Development of Wide Field of View Three-Dimensional Field Ion Microscopy and High-Fidelity Reconstruction Algorithms to the Study of Defects in Nuclear Materials

This article presents a fast and highly efficient algorithm developed to reconstruct a three-dimensional (3D) volume with a high spatial precision from a set of field ion microscopy (FIM) images, and specific tools developed to characterize crystallographic lattice and defects. A set of FIM digital images and image processing algorithms allow the construction of a 3D reconstruction of the sample at the atomic scale. The capability of the 3D FIM to resolve the crystallographic lattice and the finest defects in metals opens a new way to analyze materials. This spatial precision was quantified on tungsten, analyzed at different analyzing conditions. A specific data mining tool, based on Fourier transforms, was also developed to characterize lattice distortions in the reconstructed volumes.

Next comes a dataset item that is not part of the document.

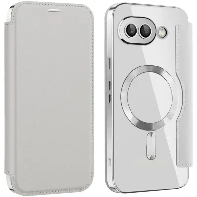 Phonesta Luxury Crystal Book Wallet Klapphülle mit MagSafe für Google Pixel 9a - Silber
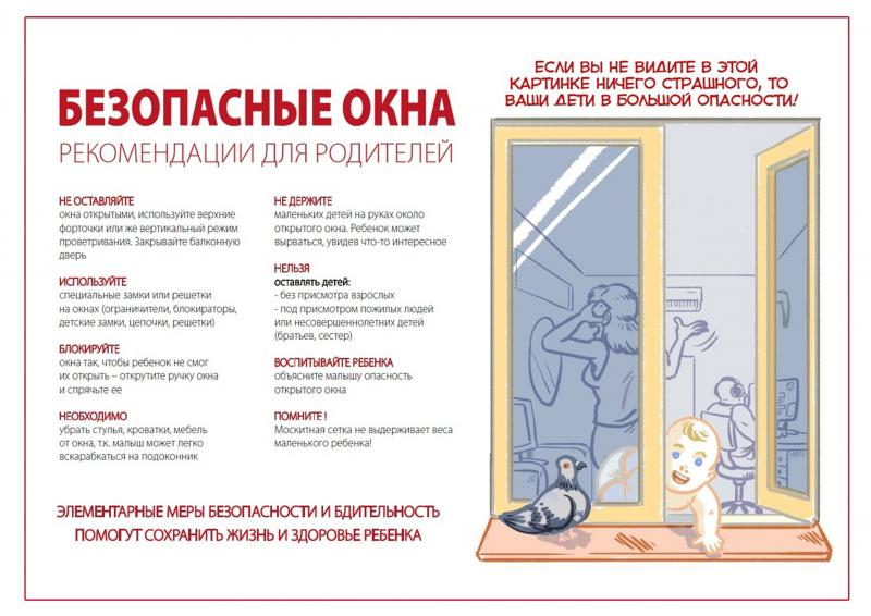 • Для детей — в последнее время участились случаи выпадений детей из окон. Не полагайтесь на сетки на окнах, не оставляйте маленьких детей без присмотра.

This tool has been used in simulated and experimental volumes to successfully locate and characterize defects such as dislocations and grain boundaries.

Automated summary

This article presents a fast and highly efficient algorithm for reconstructing the three-dimensional structure of metal samples, analyzing crystallographic lattice and defects, and developing specific tools for characterizing lattice distortions. Experimental results on tungsten demonstrate the high spatial precision of the algorithm, which has successfully been applied to locating and characterizing defects.